Zane peered up at the castle. "Looks empty to me," he commented, a little hopefully. "It almost looks… sort of… dead."
"Nice," Ralph moaned.
Petra spoke calmly. "If there is someone there, then they're expecting us. This is what we came for, isn't it? Let's go. But… keep your wands handy. You never know."
The group began to make their way across the gentle hump of the plateau, wading through the whispering yellow grass. With a sinking jolt, James remembered that he had dropped his own wand during the last seconds of the Clutchcudgel tournament and had completely forgotten to retrieve it afterward. He cursed himself silently, but reminded himself that he was walking alongside one of the most powerful people in the magical world. If Petra proved unable to confront whatever was to come, then his wand surely would not be of any help anyway.
As the minutes passed, the castle grew gradually closer. It was rather small, at least compared to Hogwarts, but nearly fantastically tall, scraping its towers at the grey clouds. James noticed that just as in the dream-visions, the castle was perched on the ledge of the far cliff, jutting partly over it in complete defiance of gravity. Perhaps magic held it in place or perhaps it was simply balanced there by habit. Either way, it was very disconcerting to look at. James felt that the mere weight of his gaze might be enough to send the structure collapsing backwards into the waiting waves below.

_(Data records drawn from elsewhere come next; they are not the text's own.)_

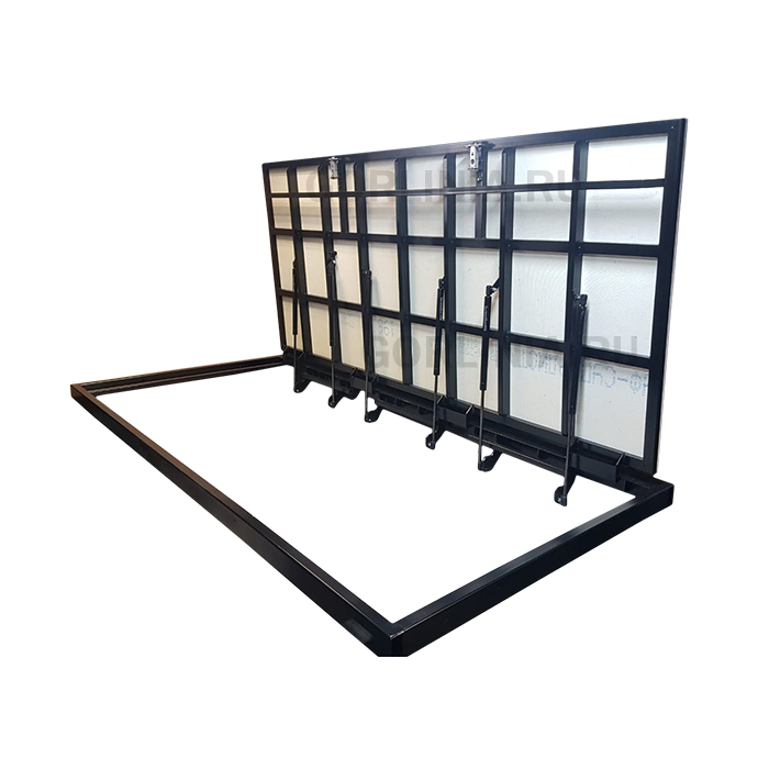 - базовая модель с двумя створками 1160пх685 на амортизаторах (варианты расположения шарниров: по одной одной стороне 2400, комбинированный - по длинной и короткой);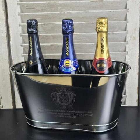 Stor nikkelbelagt skål i oval form til champagne- eller vinglas med indgraveret tekst fra Lily Bollinger og Napoleon Bonaparte på to sider.
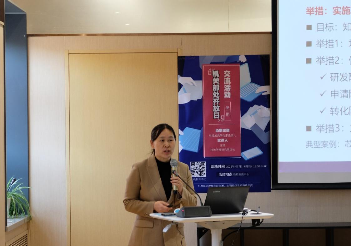 AG(中国)AG·官方网页版网4月11日电 4月7日下午,第二期“机关部处开放日”交流活动在教师发展中心举办。技术转移研究院院长王燕聚焦科技成果转化,对学校成果转化整体情况、成果转化常见问题、技术转移研究院服务内容等相关问题进行介绍,并与现场20余名教师深入交流。
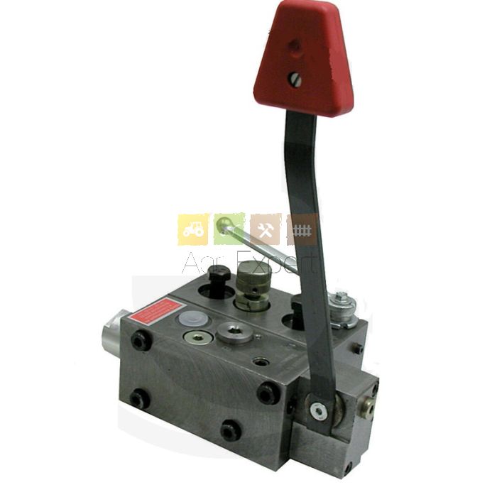 Ensemble Bloc de base avec distributeur 5/3 à tiroir, muni d'une soupape de limitation de pression et d'une vanne de dérivation vers le relevage ou un circuit externe, Raccord en M18x1,5 mm. Peut s'utiliser avec un distributeur supplémentaire.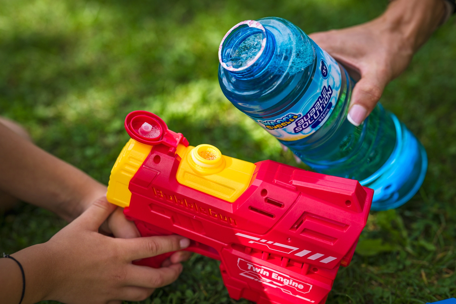 Skvěle doplní bublinkové pistole a další hračky na bubliny – rychlé a čisté dolévání bez zbytečného plýtvání.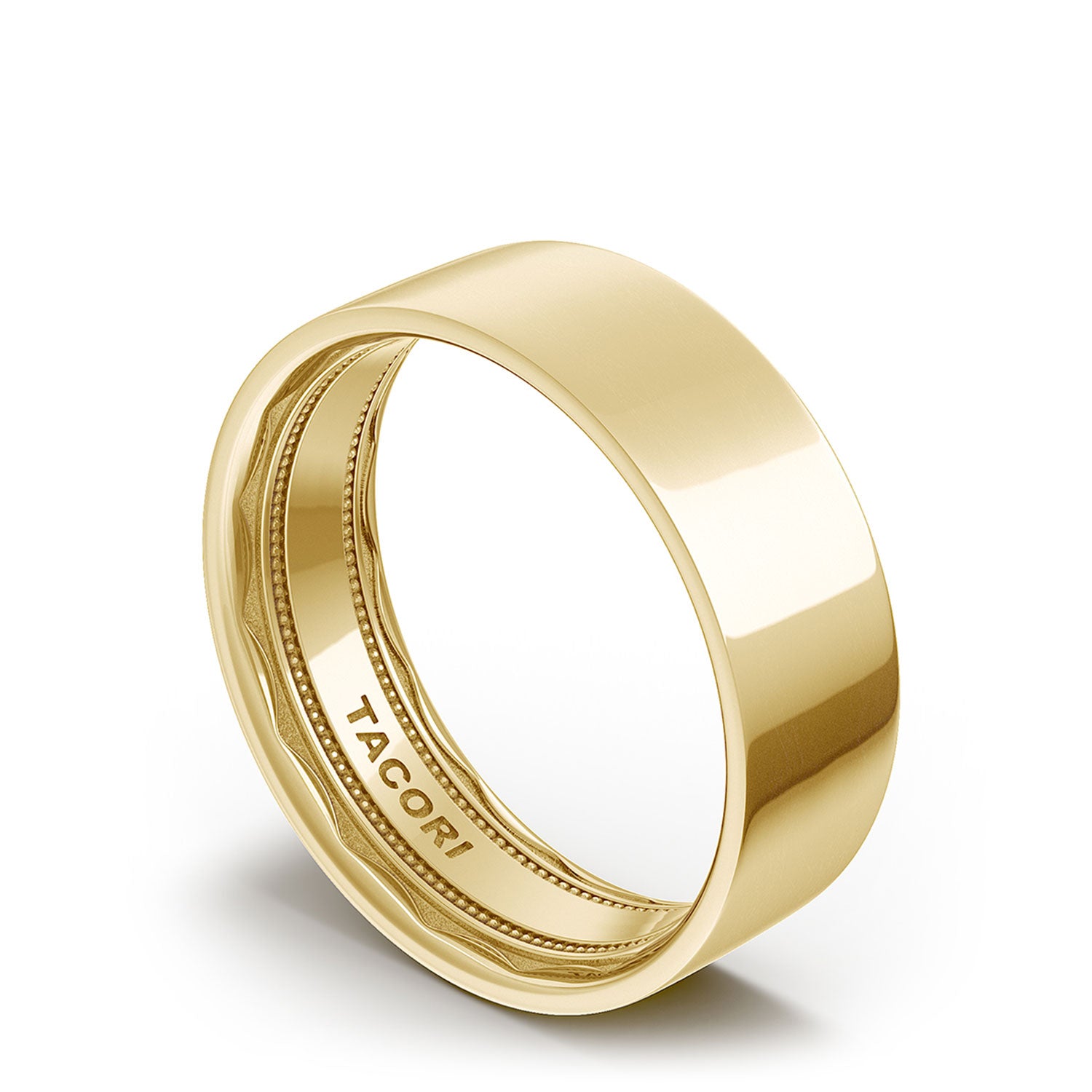 This wedding band is a true classic, with an angular, flat-facing high polish exterior that gives off a sleek and eye-catching gleam. The interior boasts sculpted crescent detail with a soft-comfort fit for all-day wearability.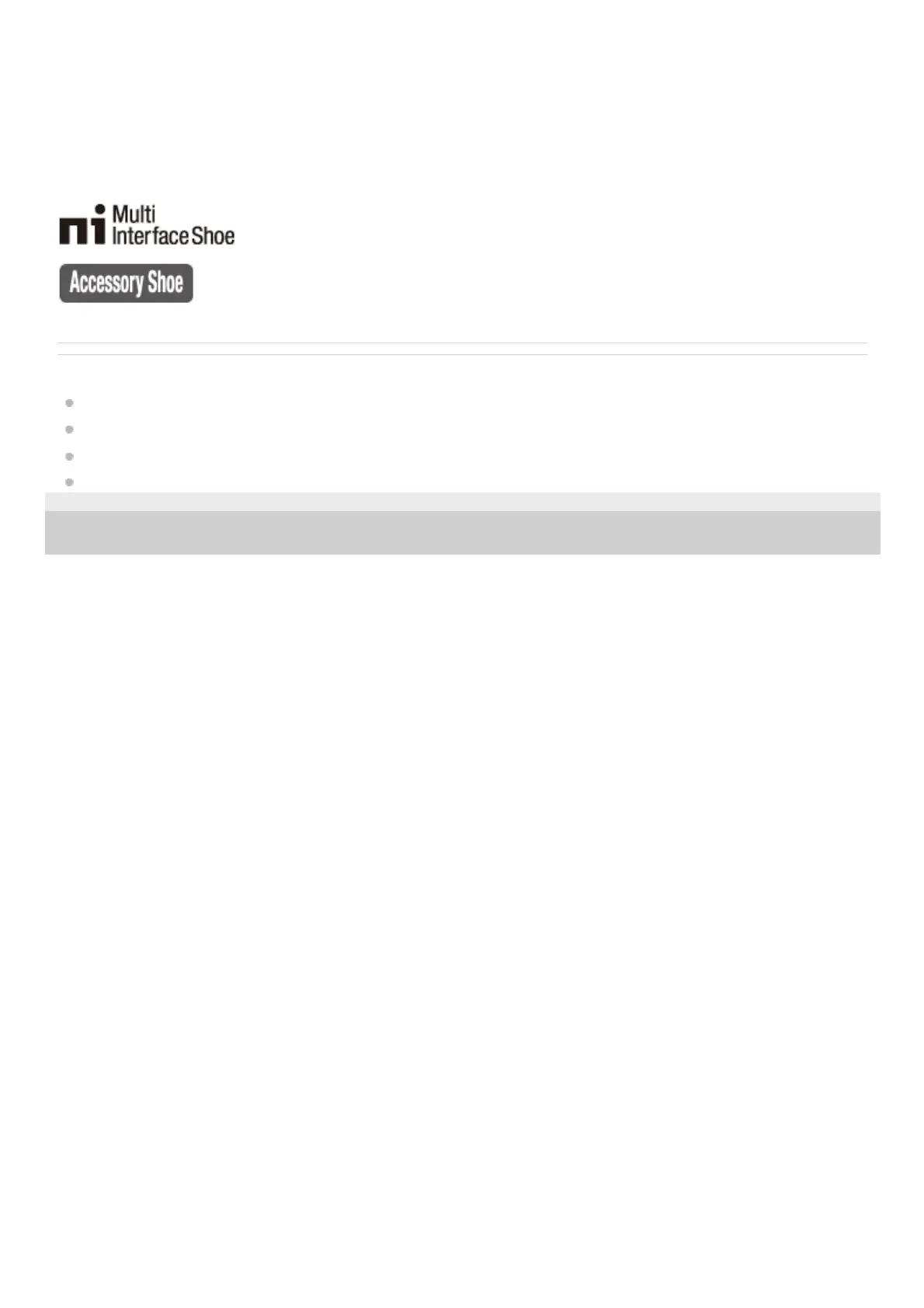 Accessories for the Accessory Shoe can also be used. Operations with other manufacturers’ accessories are not guaranteed.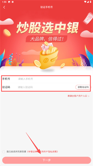 4、在驗(yàn)證手機(jī)號(hào)頁(yè)面,輸入手機(jī)號(hào)碼、獲取并輸入驗(yàn)證碼,勾選同意相關(guān)協(xié)議后,點(diǎn)擊下一步按鈕,繼續(xù)完成開戶操作。

"What's that?" Izzy asked suddenly, stopping and pointing. James turned and saw an object protruding from the grass some distance away, in the shadow of a low outcropping of boulders. Silently, the troop angled toward the object, cautious but curious.
James was the first to reach it. He peered at it, trying to make sense of the shape of it. It was quite large, but low and streamlined, comprised of wood and metal and draped with tangles of thin, silky rope. It lay tilted onto its side, nearly buried in the grass.
"It looks like a boat," Ralph suggested uncertainly. "But how could it have gotten up here?"
"It's not a boat," Zane called from some distance away. "Look at the hill next to it. See all that old fabric?"
James looked. Next to the boat-shape was a pool of wrinkled blue fabric, faded almost white. It clung to the rocky hill like a skin, poked through in a thousand places with tufts of grass.
"It was an airship," Lucy said, her voice filled with awe. "Someone came here by air. A long time ago, by the look of it. Maybe decades ago."
"Maybe even centuries," Petra added. "There's no way to know for sure. There're no bugs here. Nothing to rot the cloth or wood, nothing to corrode the metal. It looks almost like the day it landed except that the balloon is flat and destroyed by the grass that poked up through it."
"Travelers from one of the other island dimensions, you think?" James asked, approaching the wooden hull and peering in. The inside was nearly empty save for a few seats and a large rudder handle which protruded crookedly from the rear.